▶ [What the exercise asks]:
All of the data should be repeated exactly; pictures are not part of the copy.

▶ [Dataset excerpt]:
········

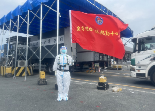 在广阔的查验场地上,还有一个走路稍慢的“大白”,由于患有腰椎疾病,民警张绪垚在穿着防护装备走路时,显得比较吃力。在开展闭环勤务前,他不顾大家的劝阻,毅然决然地选择第一期报名参加。他说:“我这个腰椎也没啥事,还能走路,要说困难吧,谁家里还没有困难的事情呢”。
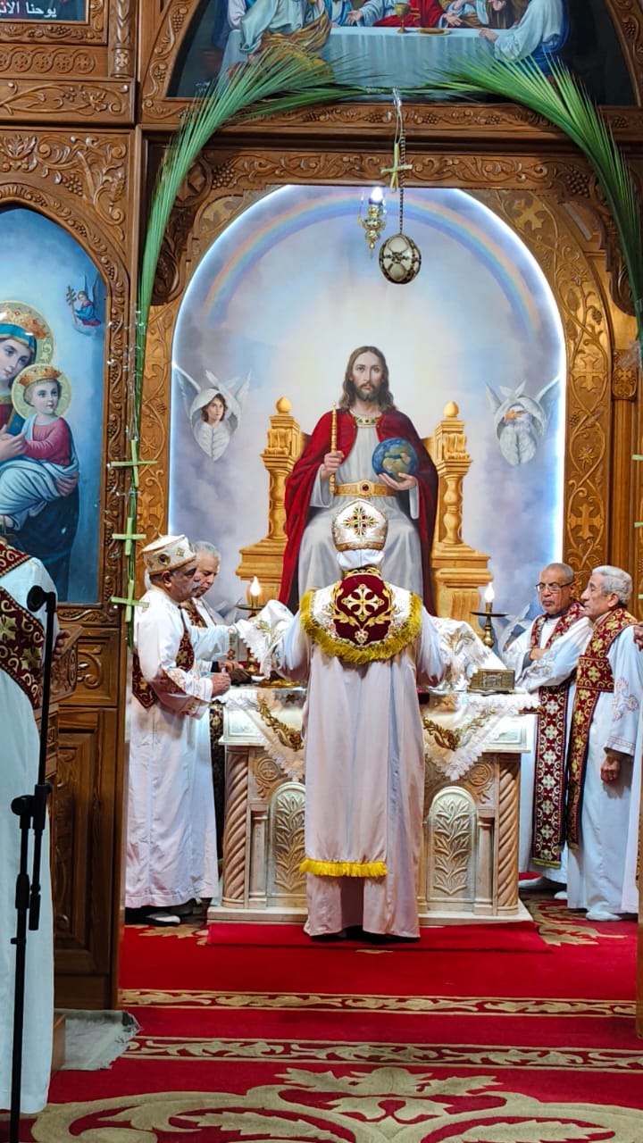 "تيجان وصلبان من السعف والزيّ الملوكي".. بهجة أحد الشعانين تزين كنيسة الأنبا بيشوي ببورسعيد
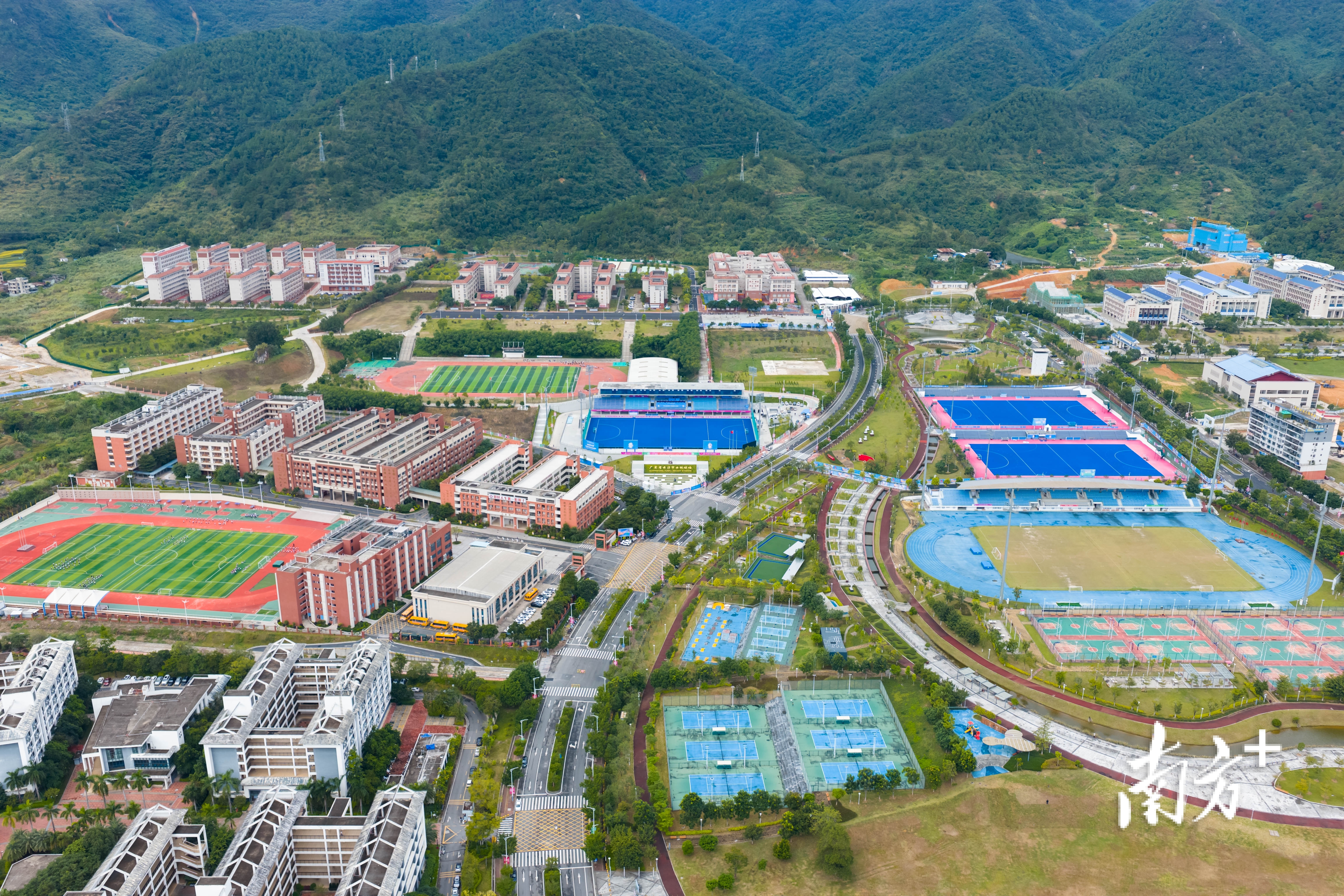 云浮市体育公园及其周边运动场众多,三片醒目的蓝色球场就是云浮三个国际级曲棍球场。
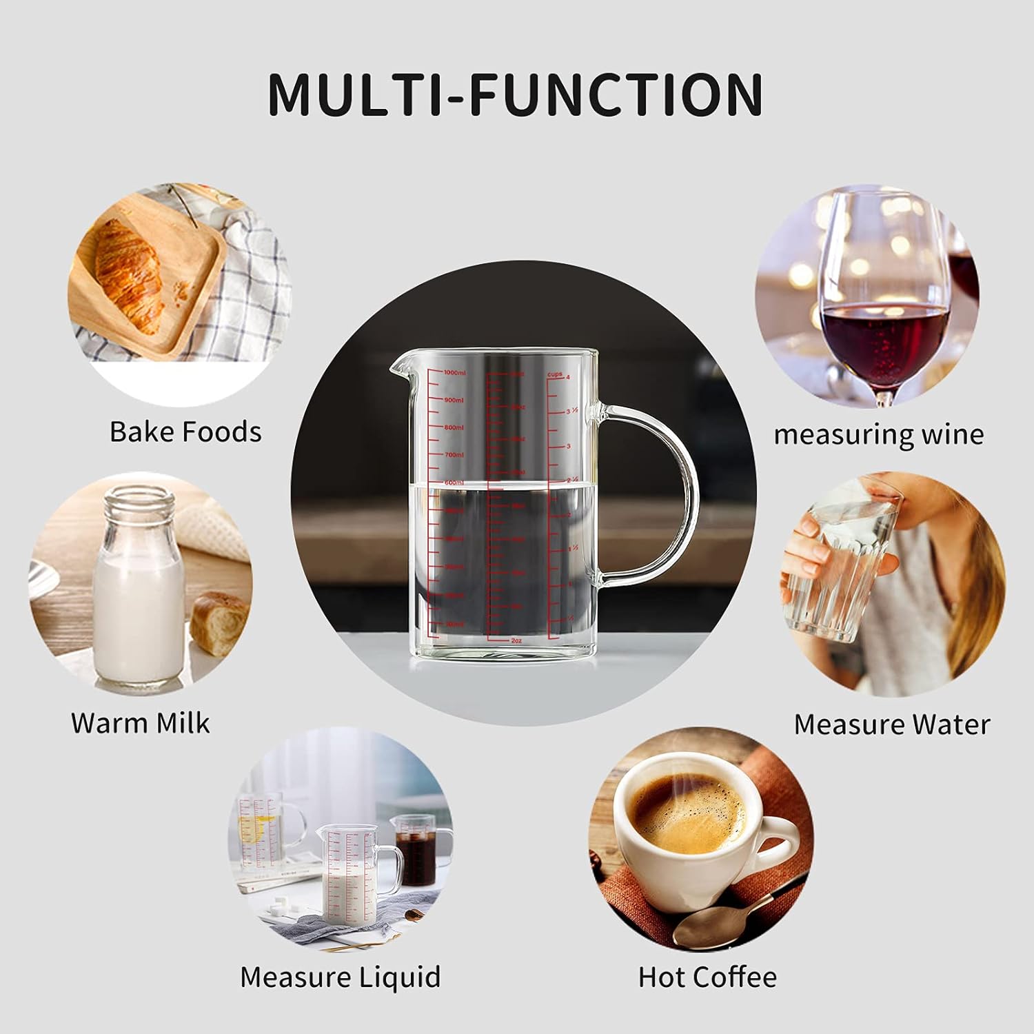 【Large Capacity】Experience culinary freedom with our 4 cup glass measuring cup with a large capacity for all your kitchen needs. Whether you’re measuring, mixing or pouring, this large measuring cup glass ensures that it will meet any of your culinary needs.

········

▶ [Answer to this exercise]:
 在广阔的查验场地上,还有一个走路稍慢的“大白”,由于患有腰椎疾病,民警张绪垚在穿着防护装备走路时,显得比较吃力。在开展闭环勤务前,他不顾大家的劝阻,毅然决然地选择第一期报名参加。他说:“我这个腰椎也没啥事,还能走路,要说困难吧,谁家里还没有困难的事情呢”。
 "تيجان وصلبان من السعف والزيّ الملوكي".. بهجة أحد الشعانين تزين كنيسة الأنبا بيشوي ببورسعيد
 云浮市体育公园及其周边运动场众多,三片醒目的蓝色球场就是云浮三个国际级曲棍球场。
 【Large Capacity】Experience culinary freedom with our 4 cup glass measuring cup with a large capacity for all your kitchen needs. Whether you’re measuring, mixing or pouring, this large measuring cup glass ensures that it will meet any of your culinary needs.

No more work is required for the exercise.